No virus can take Christ’s presence from us.
One of the great advances in counselling over the last few decades is a modality called cognitive behaviour therapy. I can’t claim to be an expert but in essence the cunning scientists have discovered that we can be the air traffic controller of our own mental airport. We can direct the mental traffic of our world.
When we find ourselves getting anxious, we can claim God’s peace. When we find ourselves getting fearful for the future, we can claim the calmness of Jesus before Pilate, when we find ourselves getting upset or troubled, we can claim the peace that Jesus came to give us. That is a peace which passes all human understanding. In short, we can have the same mind that was in Christ Jesus.
This was the choice that Kent Brantly took in July 2014. Kent was a medical missionary in Liberia. He was part of the team waging war on one of the cruellest of viruses – the Ebola virus. The epidemic was killing thousands. Kent knew the risks he faced. He had treated hundreds of people. So he knew exactly what he had when the symptoms hit him. He took the test and put himself in isolation to await the result. He was literally alone. His wife and family where far across the seas. Alone he opened his Bible. What passage could he find to sustain him. His Bible opened at Hebrews, “Let us then approach the throne of grace with confidence so that we may receive mercy and find grace in our time of need”. The next three days brought unrelenting discomfort and the test came back positive. He phoned Amber his wife. She began to cry. They talked for a while, but Kent had no strength to carry on the conversation. Amber went to her room and wept. She could find no words to pray so she simply used a hymn she had learnt as a child.
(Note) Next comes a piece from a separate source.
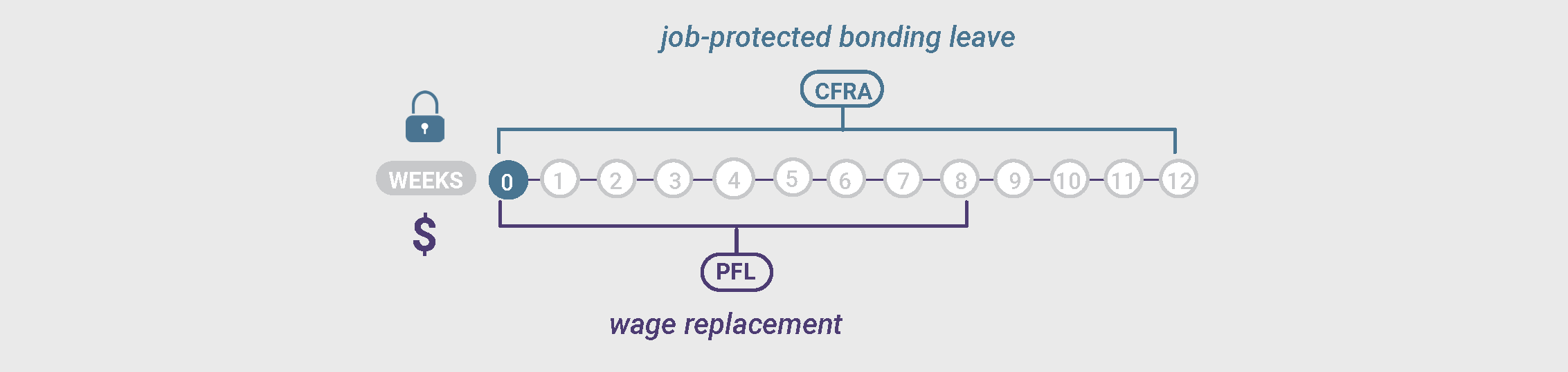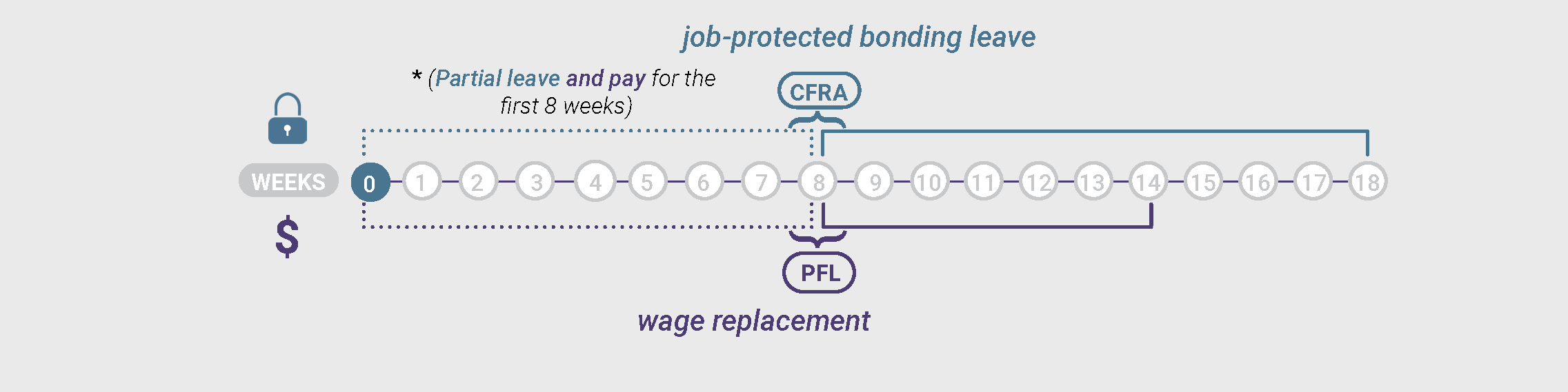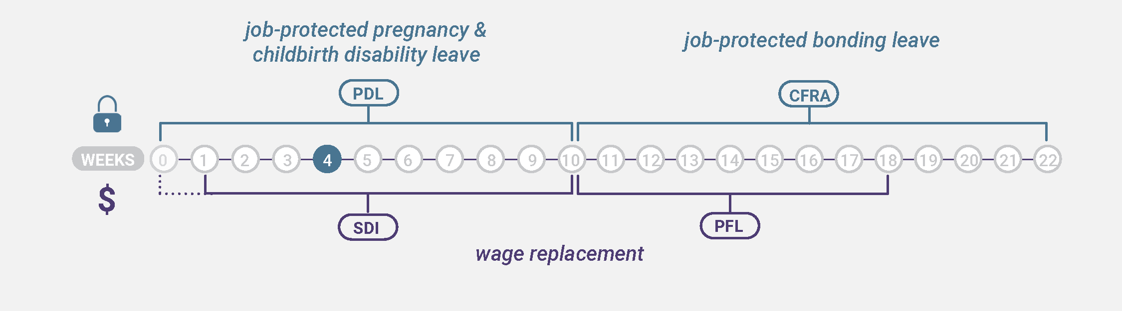 Pregnant Parent: Graciela’s baby is born 8 weeks premature while she is still working. Graciela is very stressed. Her doctor diagnoses her with postpartum depression. Graciela ends up needing 6 months off work for her health. To protect her job, she uses her 4 months of PDL. She still needs another 2 months of leave to recover, so she requests to use her CFRA leave for her own health for 9 weeks. Graciela is paid by SDI for the whole 6 months (after a 1-week unpaid waiting period). Because Graciela used 9 of her 12 weeks of CFRA leave for her own health, she only has 3 weeks of job-protected time off to bond with her baby after she has recovered. If she takes time off to bond, she can receive income through PFL for 8 weeks, but after the first 3 weeks, her employer will not be required to keep her job for her.

There is no shadow of turning with thee
Thou changest not, thy compassions, they fail not
as thou hast been thou forever will be.
Kent was returned home and within a few days his strength began to return. Within a week he walked out of hospital much to the rejoicing of his family. Amber wrote later in her dairy that they had won their battle with Ebola but just as importantly, by putting on the mind of Christ, they had won another battle too. They had won the battle with another virus. The virus of anxiety and panic. Of course, they were fearful, but they had claimed the peace of Christ.
Today in this extraordinary time we are invited to be the air traffic controller of our own mental airport. We are invited to put on the mind of Christ Jesus and to claim the peace which is his gift.